• _INSTRUCTIONS TO FOLLOW_
Using the listing below, please print exactly the lines from the one with "湖南省三湘名校教育联盟五市十校教研教改共同体高三下学期2月入学大联考数学" through the one with "de doucheclide toe.". Leave out every picture.
[Opening MATERIAL SUPPLIED section]
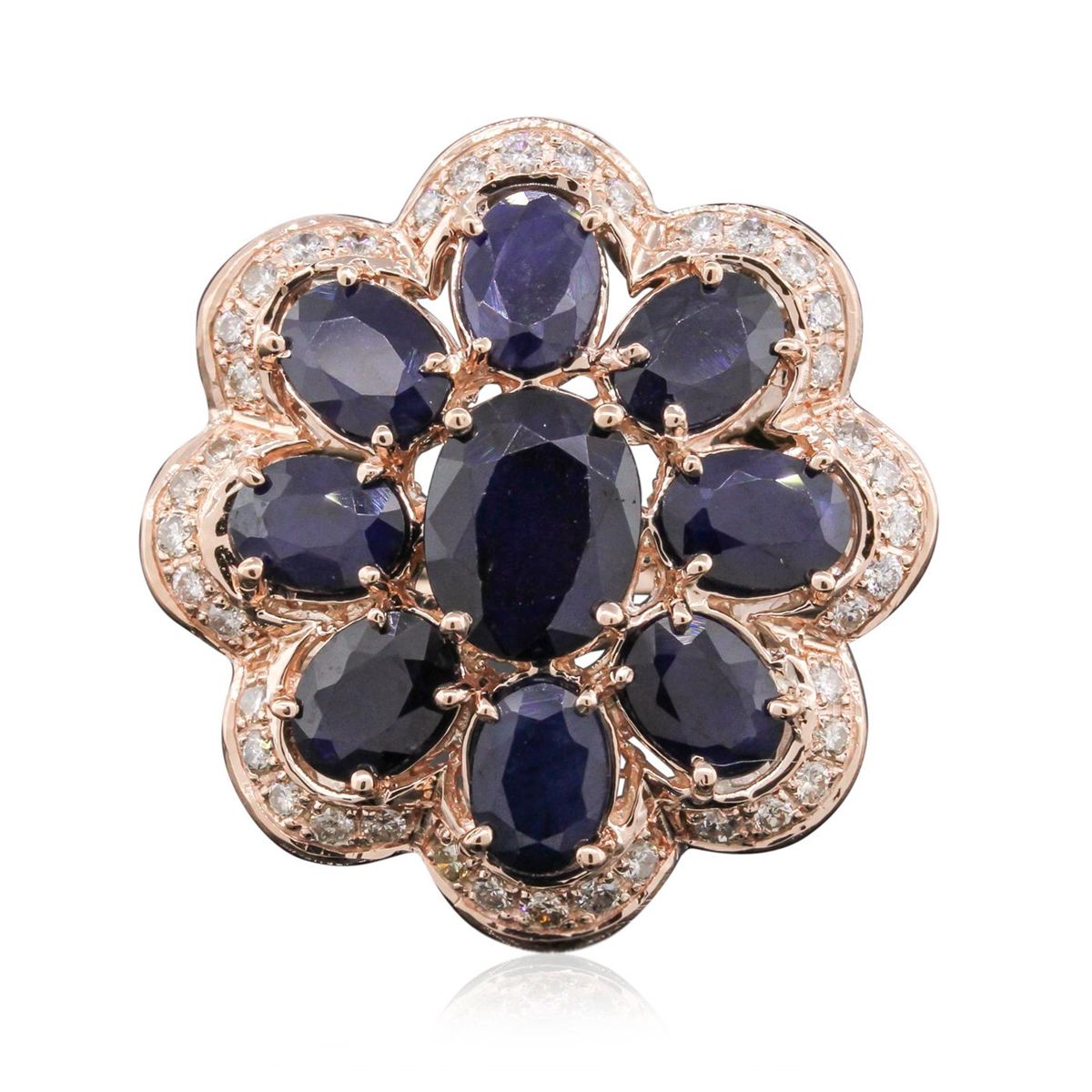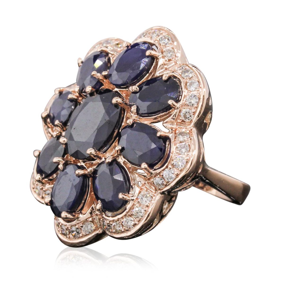 One electronically tested 14KT rose gold ladies cast sapphire and diamond ring with a bright polish finish. Condition is new, good workmanship. The ring features a sapphire floret set within a stylized diamond bezel, completed by a three millimeter wide band. Identified with markings of "14K". Containing: One prong set oval mixed cut natural blue sapphire, measuring 10.00 x 7.50 x 4.75mm, 5%. bulge factor, approximate weight of 3.15ct., clarity is severely included, type II, dark, very slightly grayish, violetish blue color, (GIA vB 7/3), cut is good. Transmitting light very diffusely, opaque. Naturally occurring internal & external characteristics are present. Indications of multiple laboratory enhancements, including high temperature heat treatment and diffusion treatment. Graded in the setting. Eight prong set oval mixed cut natural blue sapphires, measuring 7.00 x 5.00 x 3.10mm, approximate. Total Weight of 7.22ct., clarity is heavily included, type II, medium dark, very slightly grayish, violetish blue color, (GIA vB 6/3), cut is good. Transmitting light diffusely translucent. Naturally occurring internal & external characteristics are present, including partial color zoning. Measurements & the color grade are an average for the group. Indications of multiple laboratory enhancements, including high temperature heat treatment and diffusion treatment. Graded in the setting. Forty bead set round brilliant cut diamonds, measuring 1.70 - 1.60 x 0.99mm (depth est.) approximate. Total Weight of 40 Stones = 0.75ct. Graded in the setting. Clarity: VS-2 to SI-2. Color: H - J. Total Weight of Colored Stones 10.37ct. Total Weight of Diamonds 0.75ct. Total Weight of Ring 16.69 grams. AIG Appraised at $7,345.00.
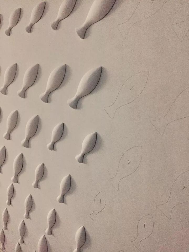 在众多细节当中,最让人惊喜的是大厅一道充满了鱼形状的墙 ▼
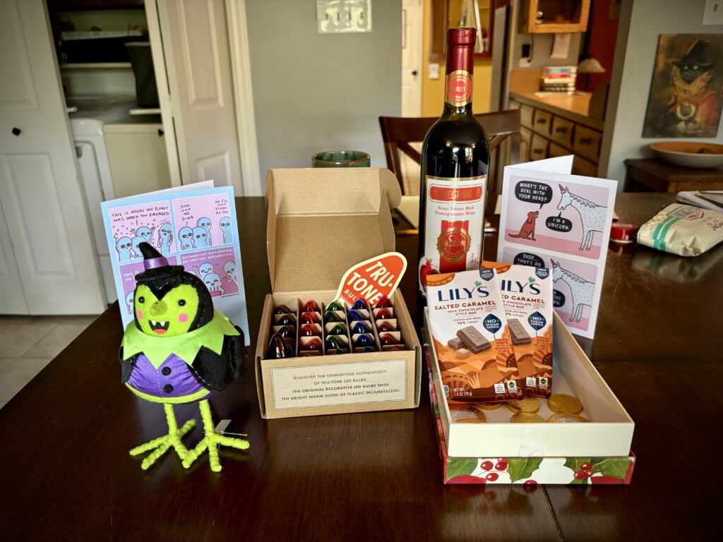 And I even got presents! It’s not every day that someone gives you a present! Doc and Jamie got me caramel, wine, a freaking adorable Halloween bird, and some Tru-Tone vintage style Christmas light bulbs. I also went to IKEA for a mini greenhouse for my new succulents!
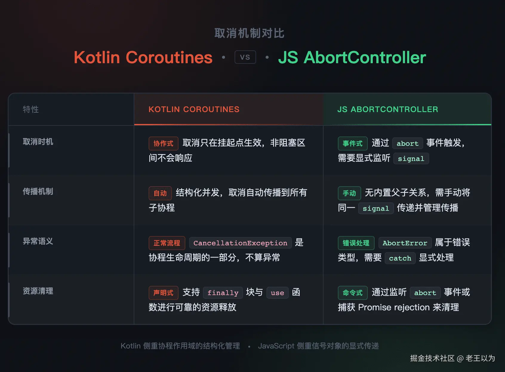 所有现代语言都选择了协作式取消 ,这不是偶然,而是对资源安全和状态一致性的共同追求。不同语言的实现方式反映了它们的核心抽象模型:
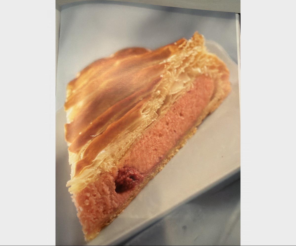 La galette des rois est composée de poudre d'amande, poudre rose, éclats de framboises
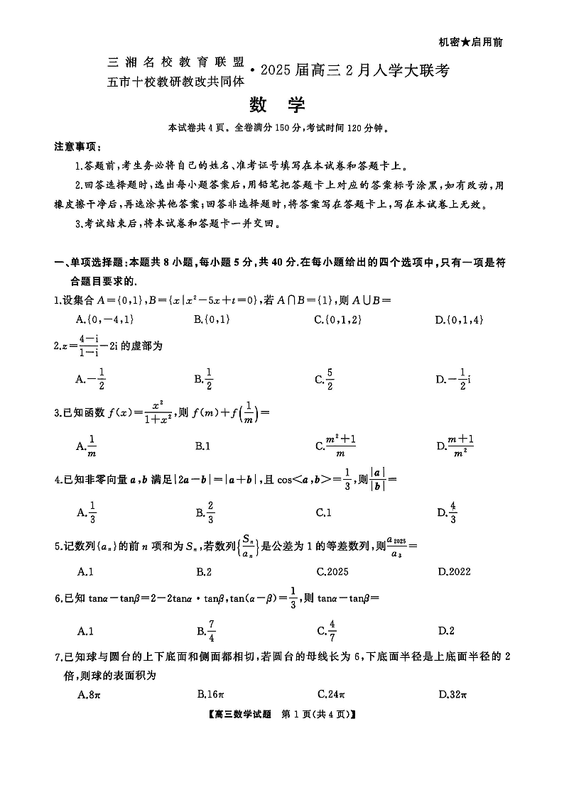 湖南省三湘名校教育联盟五市十校教研教改共同体高三下学期2月入学大联考数学
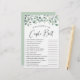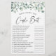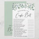 Vrijgezellenfeest "wie kent het paar beste" spelblad met elegante groene eucalyptus greenery waterverven en een stijlvol script. Pas de vragen aan en voeg op de achterkant de naam van de bruid-aan-zijn en de doucheclide toe.
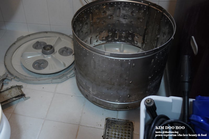 음.. 그런데.. 이틀이 지나도 전화가 오지 않았어요.3일째 됐을 때도 안 와서 제가 직접 전화를 드렸어요그래서 바로 연락이 온 거예요.고객센터에서 지역 매니저에게 바로 연락을 했는지 곧 연락이 와서 날짜를 잡았습니다.나도 바쁜데 예약 전화가 오는지 체크하고 오지 않았다고 직접 전화해야 하는 게 불편해서 별 5개는 못 주는 유일한 이유가 조금 아쉬웠어요.실제 세탁기 청소 과정의 청소부는 예약한 시간에 맞춰 왔습니다.우리 집 세탁기는 욕실 안에 있는데 여기서 분해 청소 재조립의 모든 과정을 거쳤습니다.저는 청소가 되어 있는 동안 다른 일을 했어요.중간에 기사님이 불러서 보여주셨어요. 예를 들어 분해했을 때 내부 세탁조 및 세탁기 구조물 등의 상태를 보여주고 청소한 후 깨끗해진 상태를 보여주었습니다.한시간 정도 걸렸나?분해와 재조립 과정이 있어서 시간은 좀 걸렸어요.그런데 말이죠.나름 셀프 세탁조 청소, 세탁기 청소 열심히 주기적으로 하신 거예요?저희 집에 필요한 도구와 세제도 모두 준비되어 있습니다.그런데 막상 분해해서 열었을 때 충격이라니…제가 지금까지 청소한 게 뭐.. 여기에 계속 빨래를 하고 있었다는 건가 싶어서요.
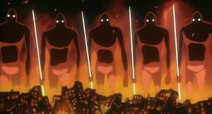 Oh ya robot ini agak mirip dengan sosok raksasa (God/Giant Warrior) dalam anime besutan Ghibli berikutnya yaitu Nausicaa of The Valley of The Wind (Ulasannya di sini). Sosok tupainya juga mirip. Sosok raksasa ini sebenarnya juga awalnya pelindung tapi kemudian menjadi sosok penghancur. Jangan-jangan kisah Nausicaa itu kelanjutan dari Castle in The Sky dimana alam bumi sudah rusak sehingga manusia mulai putus asa.
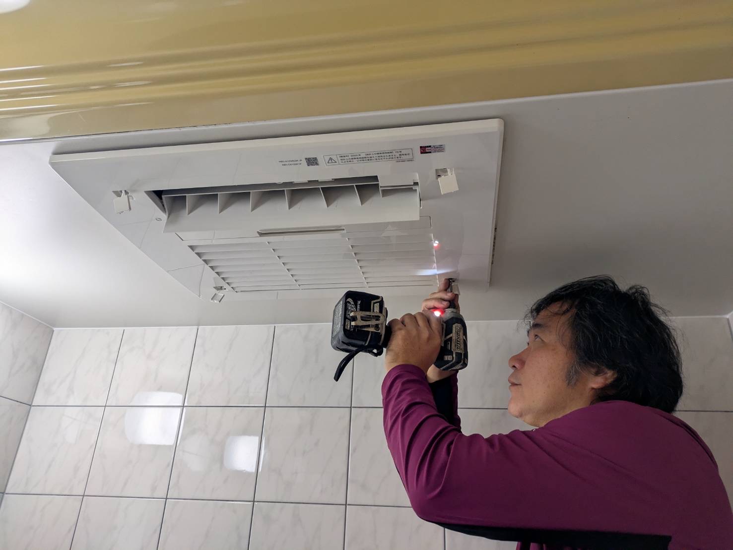 うちのお風呂の天井部分はちょっと変な勾配が付いているところがあり、そちらのせいで1回ノーリツさんの浴室乾燥暖房機を持ってきてくれたのですが、収まらないことがわかり、後日にリンナイさんの浴室乾燥暖房機を持ってきて無事に工事をしてくれました。
[Closing MATERIAL SUPPLIED section]
• _ANSWER FOR THE TASK_
 湖南省三湘名校教育联盟五市十校教研教改共同体高三下学期2月入学大联考数学
 Vrijgezellenfeest "wie kent het paar beste" spelblad met elegante groene eucalyptus greenery waterverven en een stijlvol script. Pas de vragen aan en voeg op de achterkant de naam van de bruid-aan-zijn en de doucheclide toe.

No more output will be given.